The Clean Air Act Amendments of 1990 dictate many new regulations, of which one that will have a significant impact on process industries is the requirement for continuous emissions monitoring devices. The availability of chemical sensors for stack gas or effluent monitoring is very limited. Most are species-specific and point-type sensors. In addition to in-stack monitoring, there is a need for standoff, wide-area monitoring of chemicals that are released from stacks and vents of process and waste treatment plants. Such a sensor will not only provide a demonstration of environmental compliance, but also will serve as an indicator of impending runaway reactions and of inefficient process conditions.
Fourier-transform infrared (FTIR) techniques are currently being explored for stack-gas monitoring. Laboratory FTIR instruments are being modified for field applications. Compared to infrared techniques that mainly show vibrational bands of molecular functional groups, the millimeter-wave spectra are generally unique to a molecule and often simpler to interpret because there are no complications with respect to vibrational or electronic transitions. There are no moving parts as in FTIR, so the millimeter-wave sensor is less affected by floor vibrations and maintenance is easier. Millimeter-wave techniques can be used in smoky and dusty environments. Millimeter-waves can transit thick dielectric walls and particulate laden gases. Optical techniques require transparent windows which must be cleaned or purged periodically. Also, millimeter radiation is less affected by dust and cloud conditions, and can provide longer detection ranges. There are three broad atmospheric windows in the millimeter range, centered around 94, 140 and 270 GHz, which can be used for remote measurements without much atmospheric attenuation and interference.
Millimeter-wave spectroscopy is an established technique for determining the structure and dynamics of molecules in the gas or vapor phase. Polar molecules selectively absorb electromagnetic radiation of specific wavelengths in the millimeter and submillimeter-regions in accordance with their rotational energy transitions. Of all known analytical techniques, the millimeter-wave technique offers the highest possible spectral resolution if the analyte can be sampled and fed into a gas cell under low pressure. For example, typical line widths (half width at half maximum) of rotational lines are 4 kHz at one millitorr, and in a band width of 1 GHz, 250,000 resolution lines are available.
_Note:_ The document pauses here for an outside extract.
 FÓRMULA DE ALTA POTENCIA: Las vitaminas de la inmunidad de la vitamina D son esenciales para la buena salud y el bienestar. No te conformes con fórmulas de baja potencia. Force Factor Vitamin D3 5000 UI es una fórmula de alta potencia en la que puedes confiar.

Millimeter-wave radiometers have been used by researchers for radioastronomical detection of molecules in interstellar clouds and for atmospheric sounding of temperature and density profiles using oxygen and water vapor molecules. See M. A. Janssen (Ed.), "Atmospheric Remote Sensing by Microwave Radiometry," John Wiley, New York (1993). Also a ground-based millimeter-wave sensor based on multispectral radiometry has been successfully employed to measure spectroscopic trace constituents such as HCN, ClO, and HO.sub.2. See A. Parrish et al., "A Ground Based Technique for Millimeter-wave Spectroscopic Observations of Stratospheric Trace Constituents," Radio Science, Vol. 23, pp. 106-118 (1984). Concentrations of gases lower than parts per billion have been measured using this technique. Recently, millimeter-wave multispectral radiometers have been used in the NASA's upper atmospheric research satellite (UARS) and have provided the first global-scale map of chlorine monoxide in the lower stratosphere.
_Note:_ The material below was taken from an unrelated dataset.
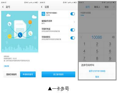 一卡多号:360和中国移动通信协作在360手机中集成化了一卡多号的作用,要是进到手机上的手机联系人页面就可以进到一卡多号,客户能够根据一卡多号的页面开展一卡多号的申请办理及其管理方法,一个大号能够申请办理五个副好,每一个副号月租费5元,启用取得成功后拨电话是就可以立即应用副号了。

Under low pressures, the technique offers very high spectral specificity. But remote monitoring of chemicals in the air requires measurements to be made at ambient pressure (1 atm). The effect of increased pressure on the rotational line is twofold: one, it reduces the detection peak and two, it broadens the spectral line. As a result, the detection sensitivity and chemical selectivity suffer at high pressures. But these problems can be mitigated by using high frequency millimeter-waves with wide bandwidth. The detection sensitivity increases in general with the square of the frequency and the number of resolution lines (chemical selectivity) increases with wide bandwidths that are practical with high frequency millimeter-waves.
Significant advances have been made in microwave/millimeter-wave systems with applications to defense/space technology, meteorology, and remote sensing of the Earth. Combining the latest developments in high frequency sources in the millimeter and submillimeter-wave range, wide-sweep capability of the sources, and sensitive solid-state millimeter/submillimeter-wave detectors, this invention presents new millimeter/submillimeter-wave sensor approaches that can be successfully applied to remote or inplant spectroscopy at ambient pressures. Both active systems based on swept-frequency radar technique and passive systems based on multispectral radiometer techniques are presented.